■ Aim of the task ■
Please return the lines below verbatim, beginning at the one that has "Linha da natureza" and stopping after the one that has "tyče: 669 mm", and add no other lines.

■ Source records ■
++++++++++++++++++++

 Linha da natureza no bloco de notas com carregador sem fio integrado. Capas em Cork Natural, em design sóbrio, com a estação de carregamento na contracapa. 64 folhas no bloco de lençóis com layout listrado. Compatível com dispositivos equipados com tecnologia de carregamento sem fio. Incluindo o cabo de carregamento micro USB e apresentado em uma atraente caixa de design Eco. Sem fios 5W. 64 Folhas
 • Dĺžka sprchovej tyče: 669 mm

++++++++++++++++++++

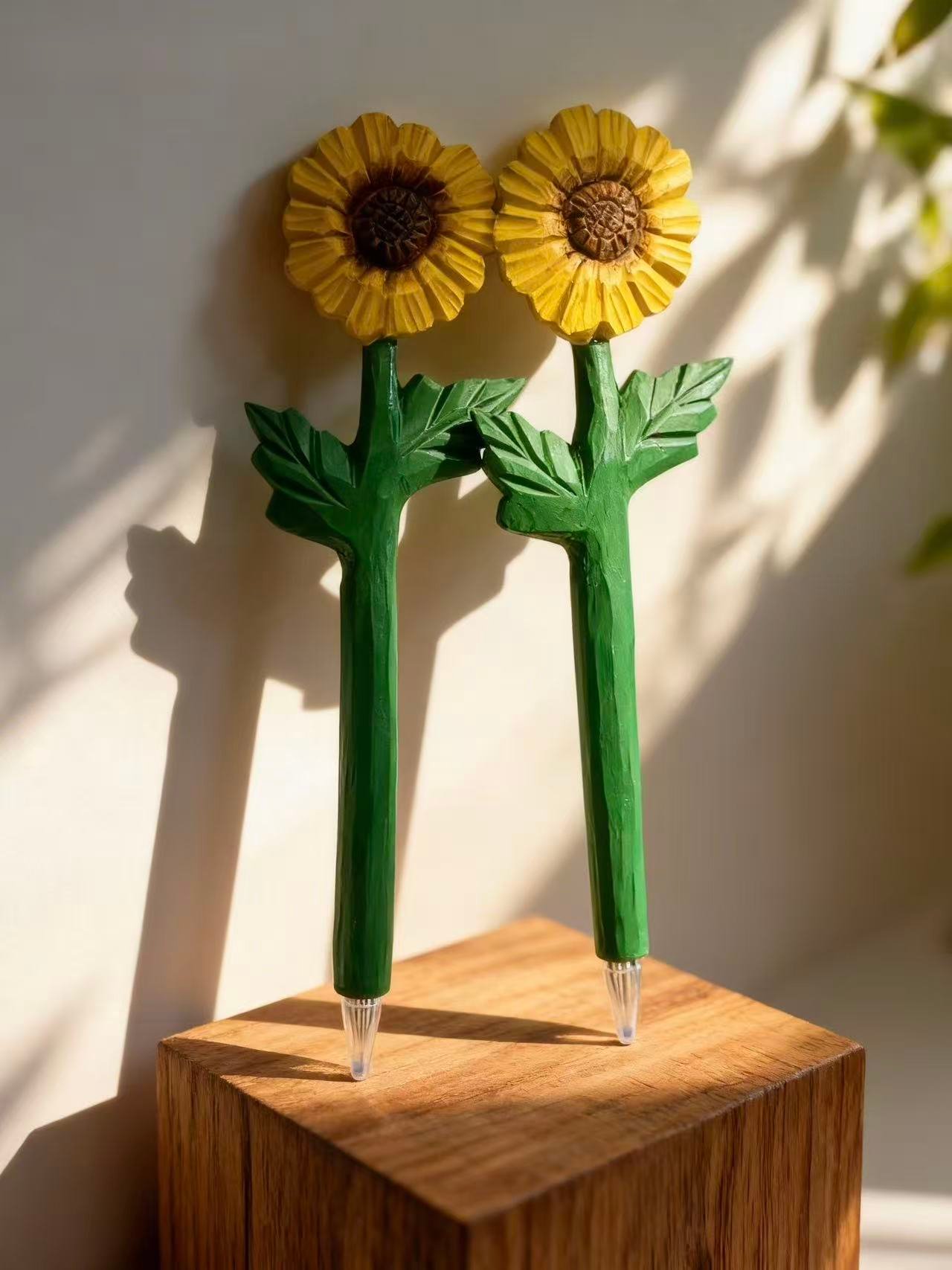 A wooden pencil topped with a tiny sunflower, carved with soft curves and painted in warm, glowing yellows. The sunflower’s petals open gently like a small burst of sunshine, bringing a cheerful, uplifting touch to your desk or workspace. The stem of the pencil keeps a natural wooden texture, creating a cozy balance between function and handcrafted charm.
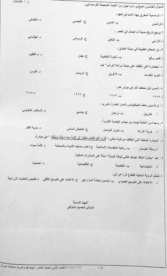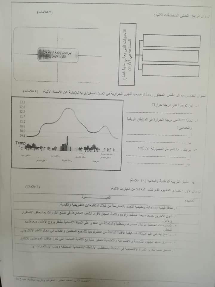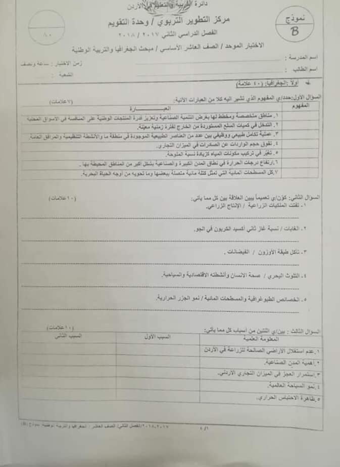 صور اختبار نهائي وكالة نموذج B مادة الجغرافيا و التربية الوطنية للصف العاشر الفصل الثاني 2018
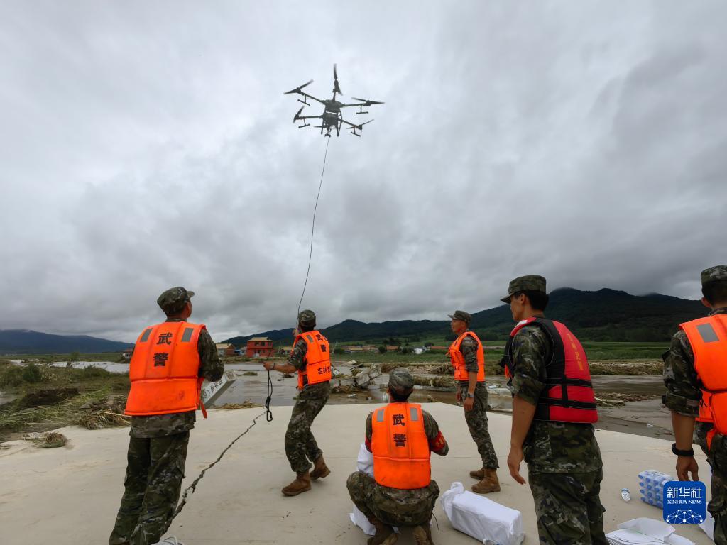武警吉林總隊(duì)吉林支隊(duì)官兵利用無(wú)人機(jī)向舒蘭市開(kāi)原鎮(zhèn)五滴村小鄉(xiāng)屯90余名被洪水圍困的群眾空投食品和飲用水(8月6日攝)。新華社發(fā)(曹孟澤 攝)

++++++++++++++++++++

■ Written answer ■
 Linha da natureza no bloco de notas com carregador sem fio integrado. Capas em Cork Natural, em design sóbrio, com a estação de carregamento na contracapa. 64 folhas no bloco de lençóis com layout listrado. Compatível com dispositivos equipados com tecnologia de carregamento sem fio. Incluindo o cabo de carregamento micro USB e apresentado em uma atraente caixa de design Eco. Sem fios 5W. 64 Folhas
 • Dĺžka sprchovej tyče: 669 mm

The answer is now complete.